Three Essays in Finance

Open Access
- Author:
- Glidewell, Edward
- Graduate Program:
- Business Administration
- Degree:
- Doctor of Philosophy
- Document Type:
- Dissertation
- Date of Defense:
- April 06, 2004
- Committee Members:
- Herman J Bierens, Committee Chair/Co-Chair
Quanwei Cao, Committee Chair/Co-Chair
Oliver Hansch, Committee Member
Timothy T Simin, Committee Member - Keywords:
- S&P
spread decomposition
trading costs - Abstract:
- I discuss three topics in this thesis. The first two concern topics centering on addition to the S&P 500 Index. In chapters two and three, I examine the price and liquidity effects (respectively) of additions to the S&P500 Index from January 1993 to December 2000. The results from chapter two indicate that previous inferences about long run buy and hold returns are fallaciously obtained from a test statistic with low power. Consequently, while the short run demand curve for newly added S&P stocks appears to slope down, the data suggest that no S&P effect exists in the form of a permanently downward sloping demand curve.

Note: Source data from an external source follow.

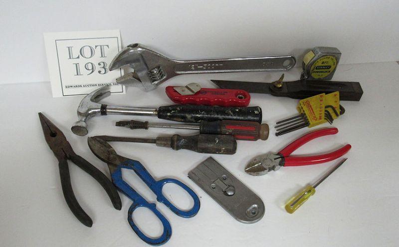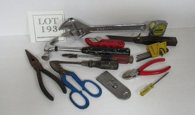 13 Old Tools, 12" Crescent Wrench, 9" Hammer, More
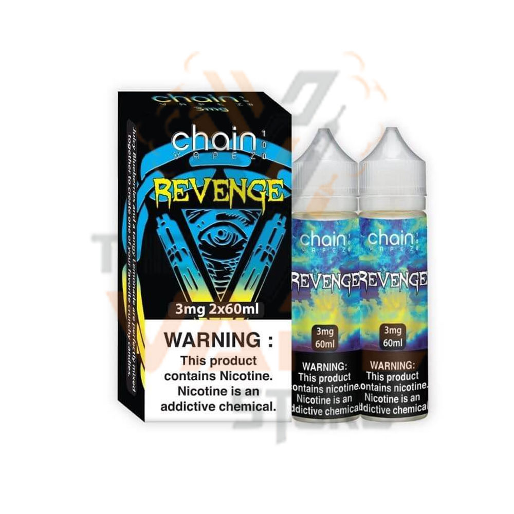 One of your favorite crispy candies from Chain Vapez, “Revenge,” is crafted by expertly combining acidic lemonade and delicious blueberries
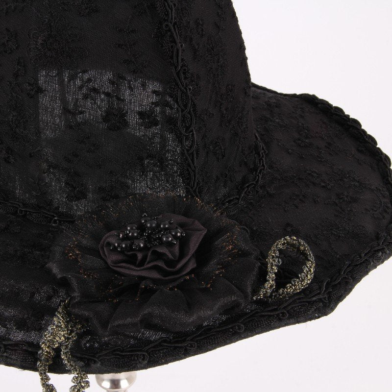 Denna svarta skärm är framtagen special och finns inte i vårt ordinarie sortiment men tar hem special till dig. Tycker det är roligt att visa vad som finns för dig som söker det lilla extra från mässan i Paris. Handgjord och annorlunda hattformad lampskärm som är broderad och gjord av spets. Dekorerad med 1 stor blomma och flätad kant.
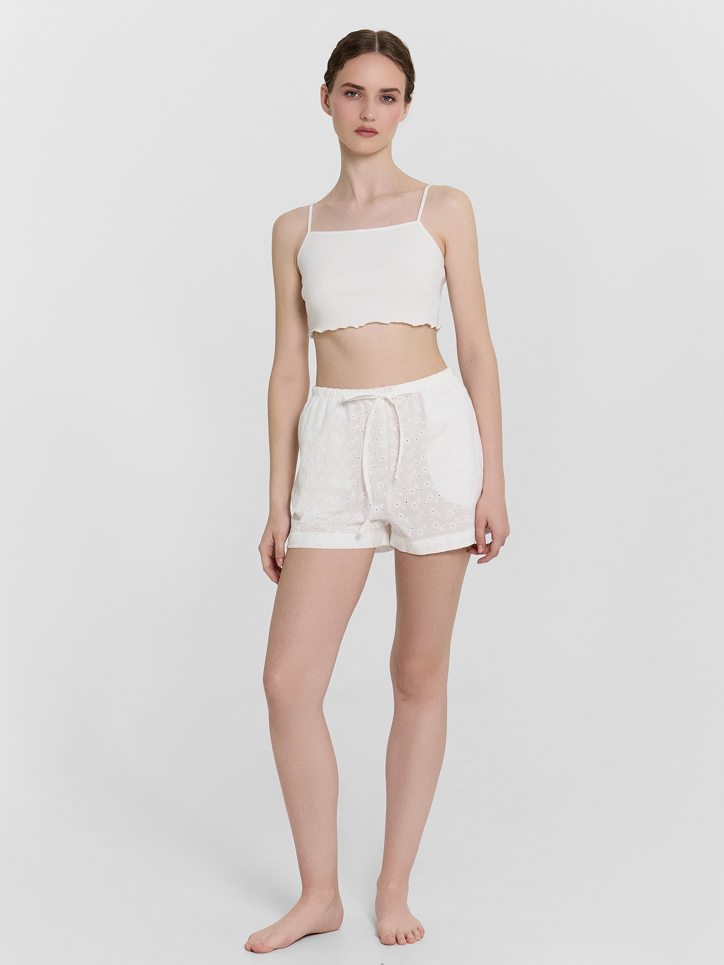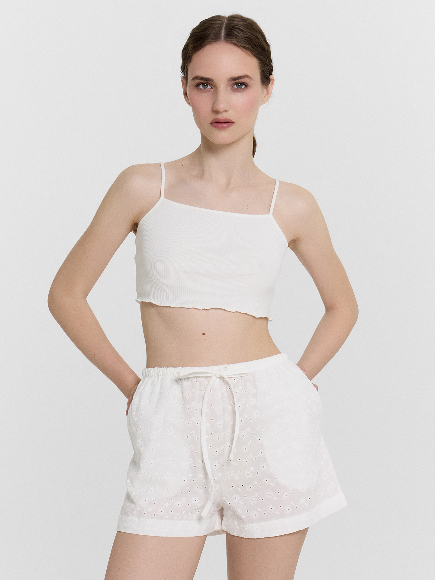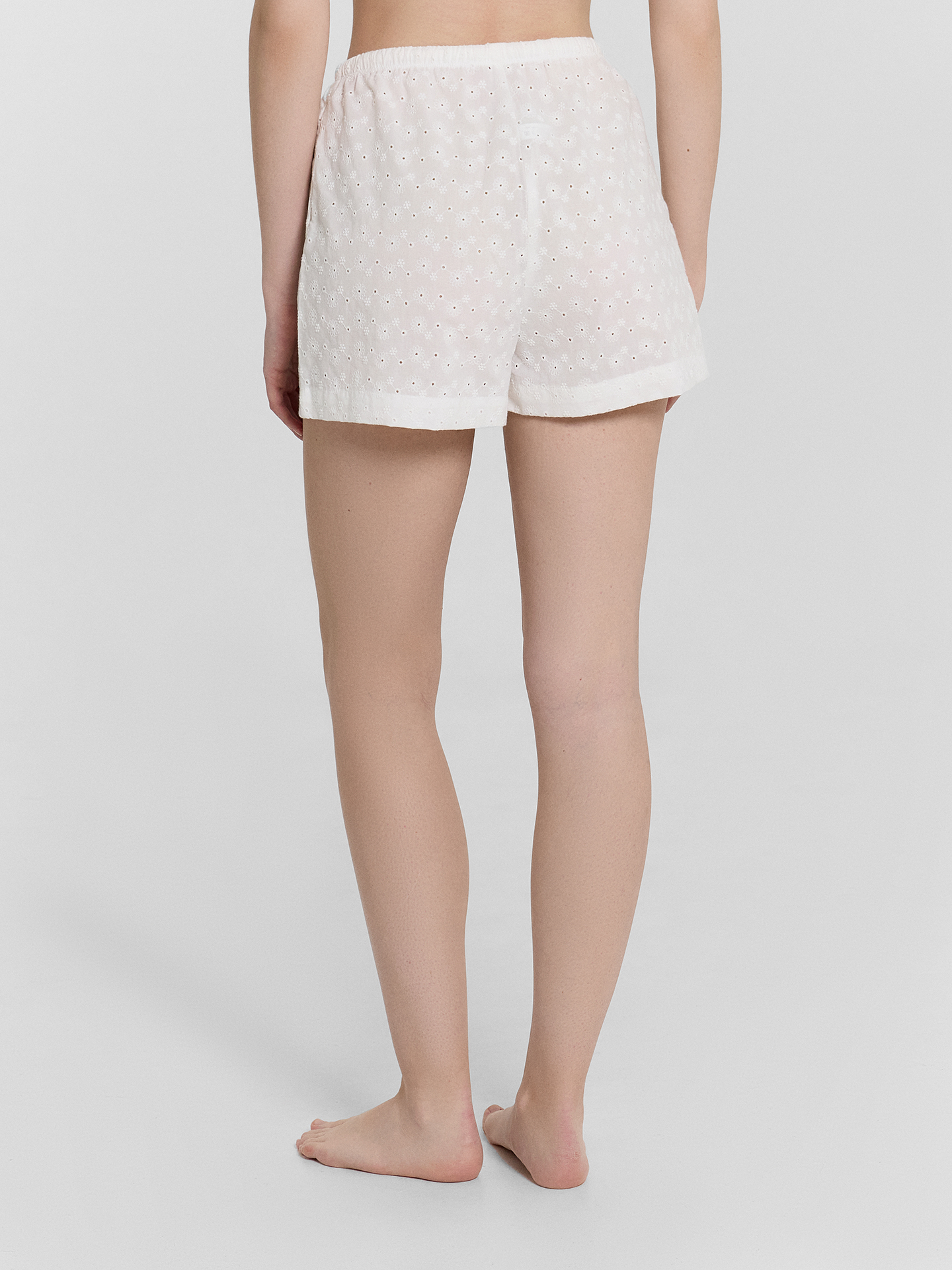 Шорты свободного силуэта, высокая посадка. Верх застрочен в подгибку с протянутым шнуром из основного полотна и резиной 20RV. В боковых швах карманы. Низ шорт обработан вподгибку. _x000D_ _x000D_ _x000D_ _x000D_ _x000D_
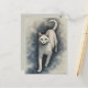 Postcard in an illustration of a graceful, long-haired white cat with piercing blue eyes strides confidently forward against a smoky, cloud-like background. Rendered in a detailed ink illustration style, the image evokes a blend of traditional Chinese ink painting and contemporary digital art.
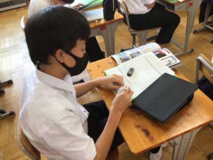 3年生の美術では、フジナンポスターグランプリと題して、藤岡南中のポスターをそれぞれが制作していきます。本日の授業では、構図だけでなく、描かれるメッセージがいかに重要であるか、具体例を取り上げながら、生徒たちはお互いの考えを出し合い、考えを広げたり深めたりする時間となりました。
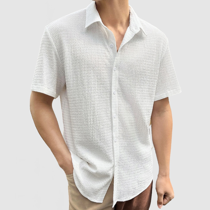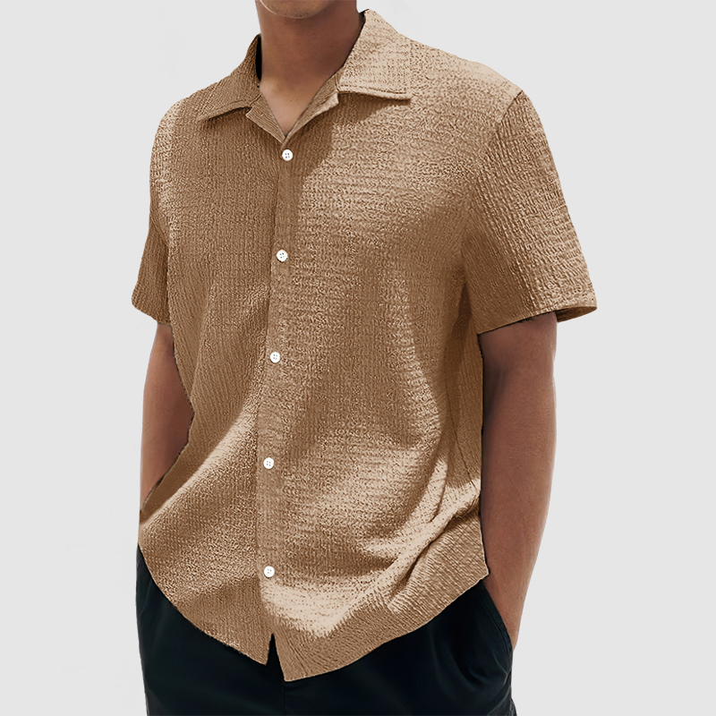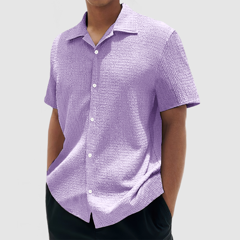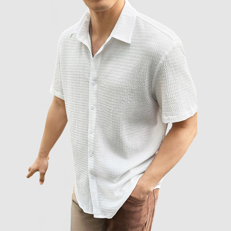 Men's Everyday Casual Cotton Textured Short Sleeve Shirt

In chapter three, I present the lasting liquidity improvements that arose from index addition. Permanent reductions in several static and dynamic measures of liquidity are statistically significant but are confined to NYSE firms. The spread decomposition and static trade analyses agree with previous research and imply a perennial increase in liquidity through a 15% reduction in the quoted and effective spreads. The dynamic liquidity measure indicates a permanent increase in market resilience. Post addition, smaller quote revisions obtain. Cumulative mid-quote revisions to buy side shocks fell by 25% and revisions to sell side shocks fell by 27%, implying that private information in the order flow fell after addition. The final chapter is a spread decomposition model that allows for nonlinearities in the data. Most spread decomposition models utilize volume and/or trade signs in a linear specification to explain observed price changes. This paper illustrates the importance of another variable, unexpected trade intensity, in explaining and forecasting effective spreads. I use Engle's (1996) WACD(p,q) model and other proxies for unexpected trade intensity in a generalized version of Glosten and Harris' (1988) spread decomposition model. I adapt Hansen's (1999) technique for testing for the presence of nonlinearities in the relationship between price changes and trade volume and between price changes and unexpected trade intensity. The data suggest that volume and intensity are priced independently and on average place a 22% premium on large volume and a 8% premium on immediacy conditional on a given volume. Selecting a suitable proxy for trade intensity and incorporating the threshold values into the model not only allows for enhanced estimation of the effective spread, but also for more precise forecasts.